**WORK ORDER**
Take the lines from the one containing "Das Sideboard verfügt" through the end of the material and write them out exactly, omitting pictures.

**GIVEN MATERIAL**

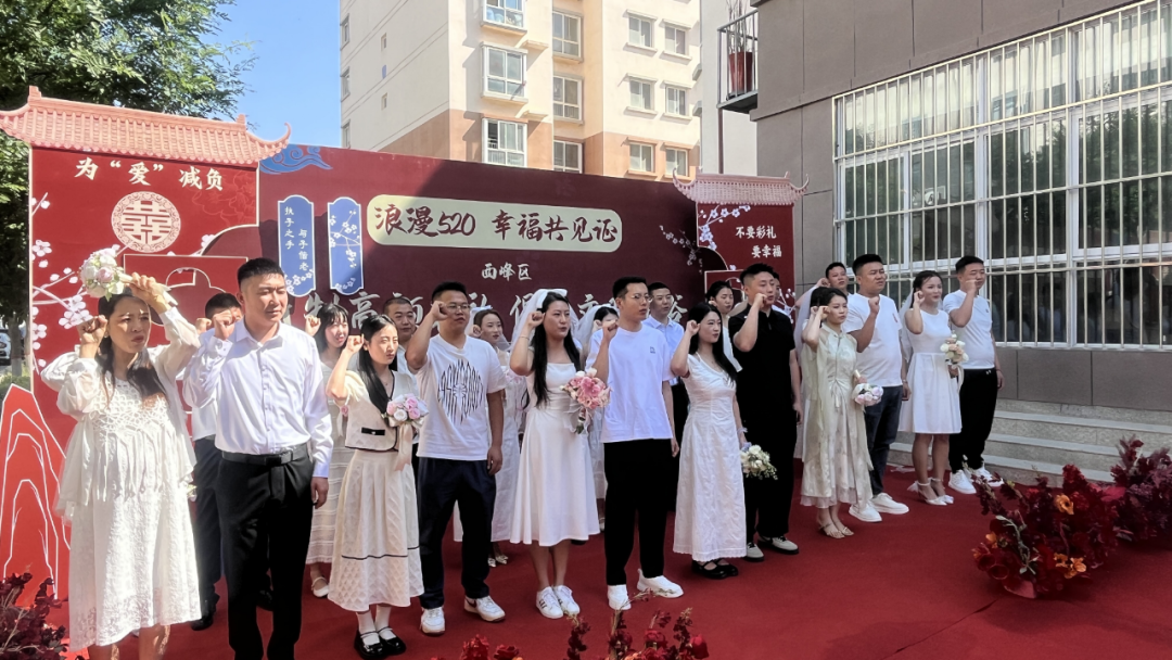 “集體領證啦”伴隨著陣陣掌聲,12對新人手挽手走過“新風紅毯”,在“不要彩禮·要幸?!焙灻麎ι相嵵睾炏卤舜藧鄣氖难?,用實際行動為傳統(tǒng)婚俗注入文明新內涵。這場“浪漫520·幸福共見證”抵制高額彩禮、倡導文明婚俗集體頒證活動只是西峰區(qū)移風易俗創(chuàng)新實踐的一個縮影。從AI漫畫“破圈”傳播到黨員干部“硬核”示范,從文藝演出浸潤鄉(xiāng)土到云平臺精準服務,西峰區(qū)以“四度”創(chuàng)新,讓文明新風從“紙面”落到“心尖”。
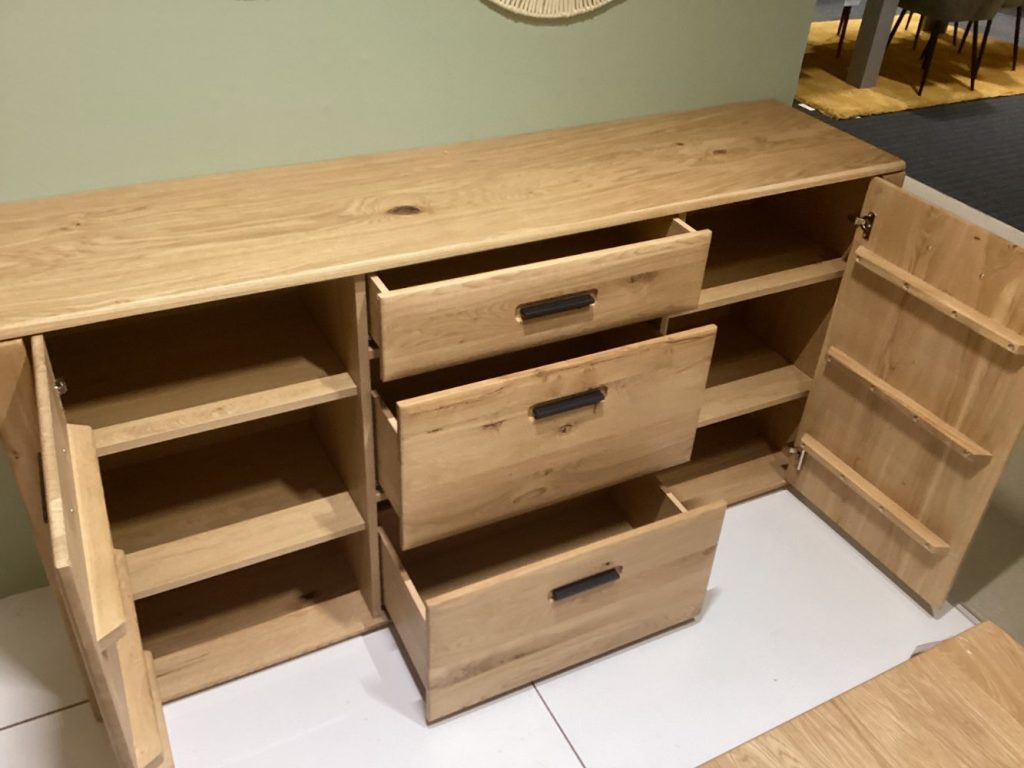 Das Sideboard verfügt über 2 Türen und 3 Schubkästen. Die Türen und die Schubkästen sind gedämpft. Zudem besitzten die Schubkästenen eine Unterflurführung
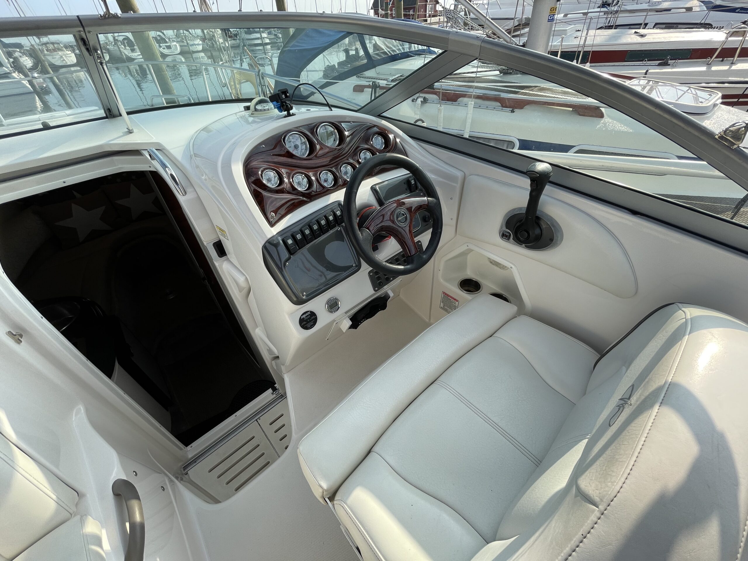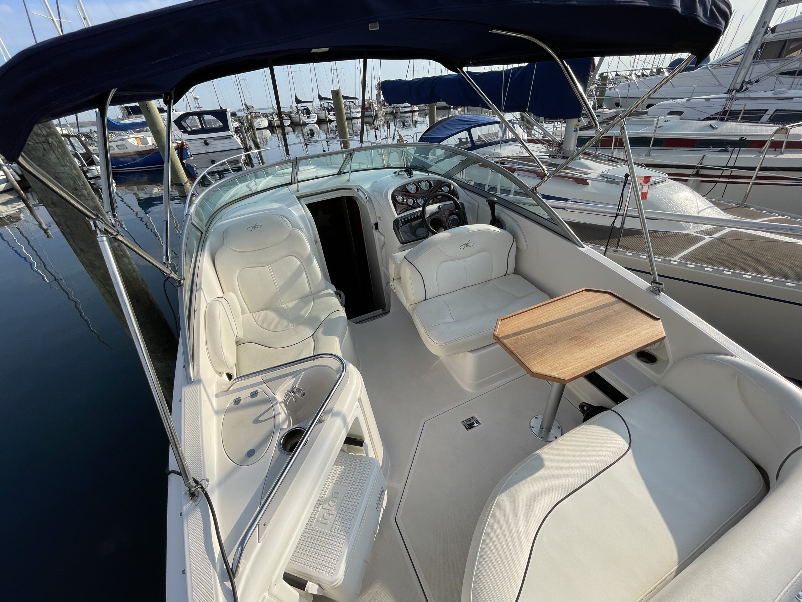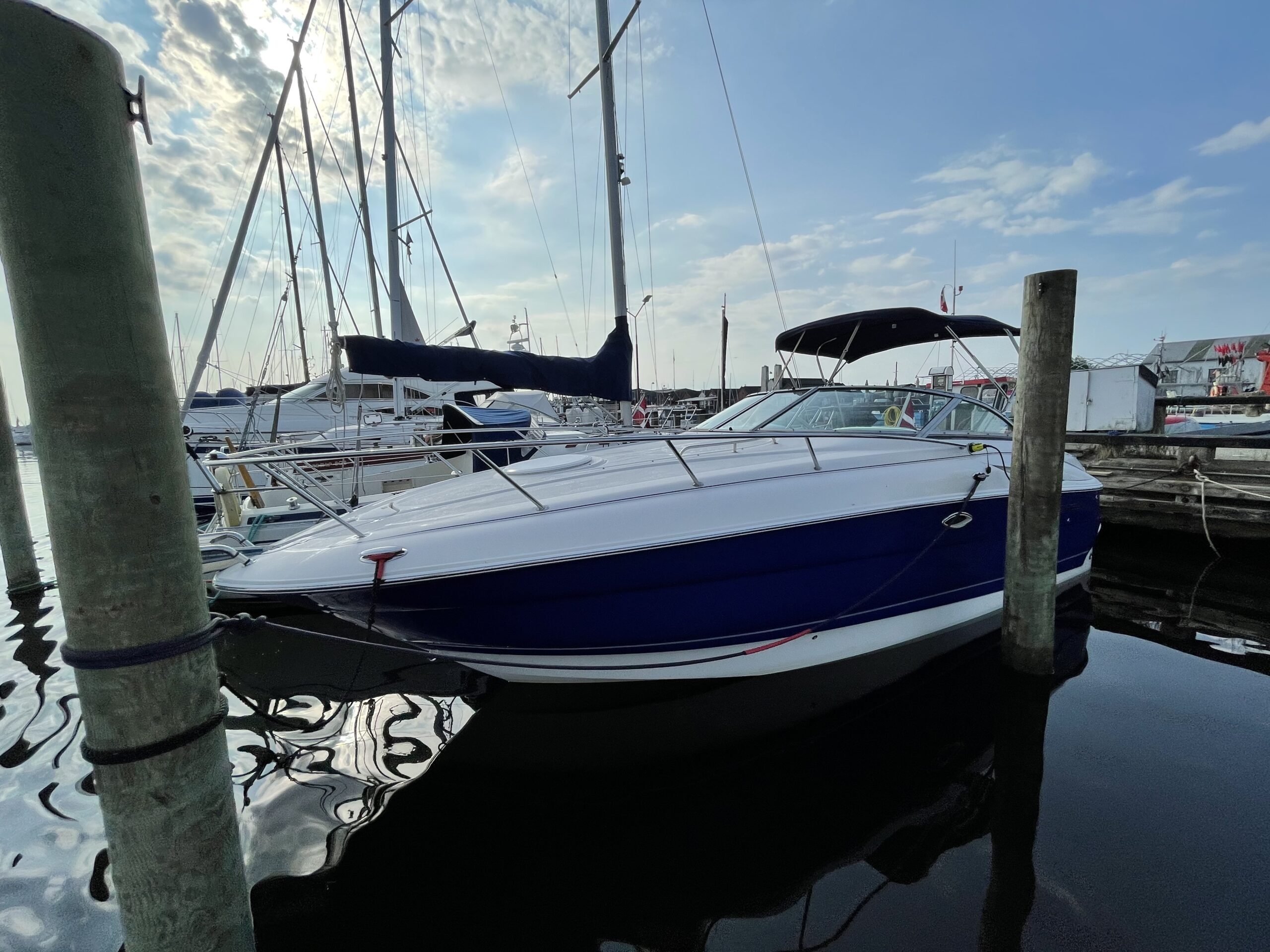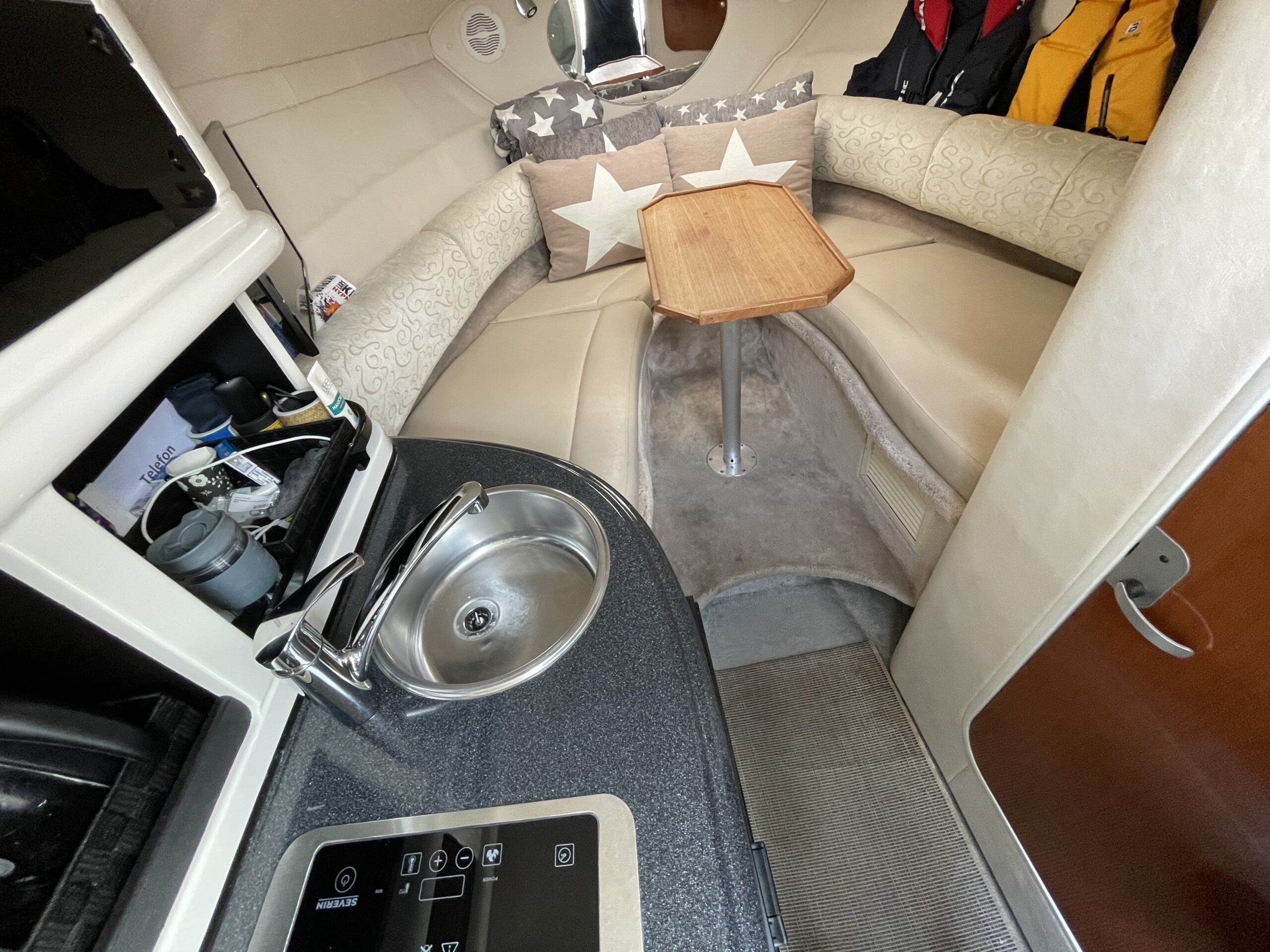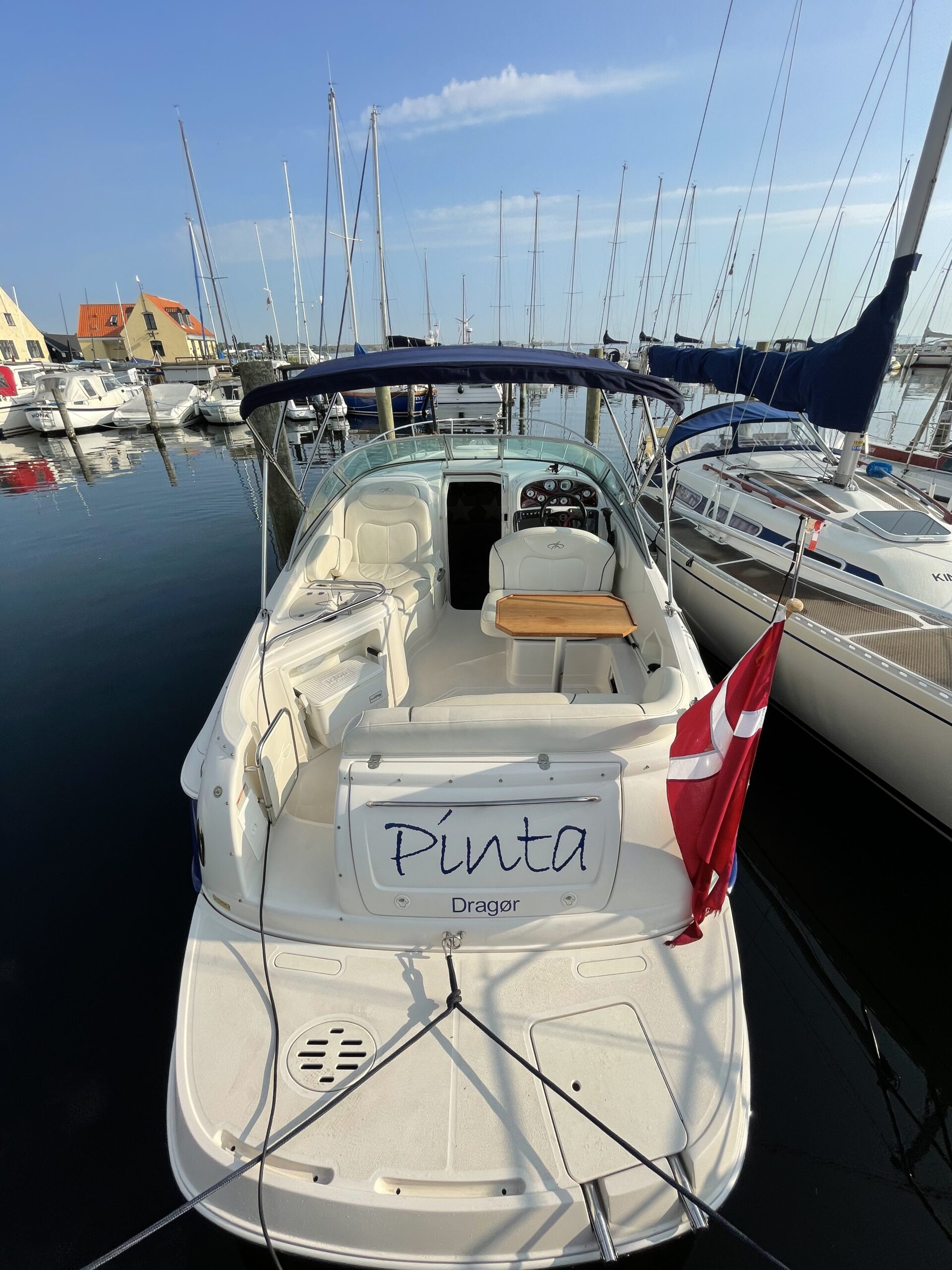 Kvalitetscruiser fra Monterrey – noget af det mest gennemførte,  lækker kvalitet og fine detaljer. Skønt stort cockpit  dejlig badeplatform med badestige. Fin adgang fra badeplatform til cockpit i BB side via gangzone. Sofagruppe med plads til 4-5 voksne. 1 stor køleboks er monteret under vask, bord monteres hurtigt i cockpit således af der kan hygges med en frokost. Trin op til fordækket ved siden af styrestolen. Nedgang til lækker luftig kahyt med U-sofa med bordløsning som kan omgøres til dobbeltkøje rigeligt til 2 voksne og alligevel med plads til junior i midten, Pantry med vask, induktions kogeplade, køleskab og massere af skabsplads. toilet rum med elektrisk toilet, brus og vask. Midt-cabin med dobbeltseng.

**EXPECTED ANSWER**
 Das Sideboard verfügt über 2 Türen und 3 Schubkästen. Die Türen und die Schubkästen sind gedämpft. Zudem besitzten die Schubkästenen eine Unterflurführung
 Kvalitetscruiser fra Monterrey – noget af det mest gennemførte,  lækker kvalitet og fine detaljer. Skønt stort cockpit  dejlig badeplatform med badestige. Fin adgang fra badeplatform til cockpit i BB side via gangzone. Sofagruppe med plads til 4-5 voksne. 1 stor køleboks er monteret under vask, bord monteres hurtigt i cockpit således af der kan hygges med en frokost. Trin op til fordækket ved siden af styrestolen. Nedgang til lækker luftig kahyt med U-sofa med bordløsning som kan omgøres til dobbeltkøje rigeligt til 2 voksne og alligevel med plads til junior i midten, Pantry med vask, induktions kogeplade, køleskab og massere af skabsplads. toilet rum med elektrisk toilet, brus og vask. Midt-cabin med dobbeltseng.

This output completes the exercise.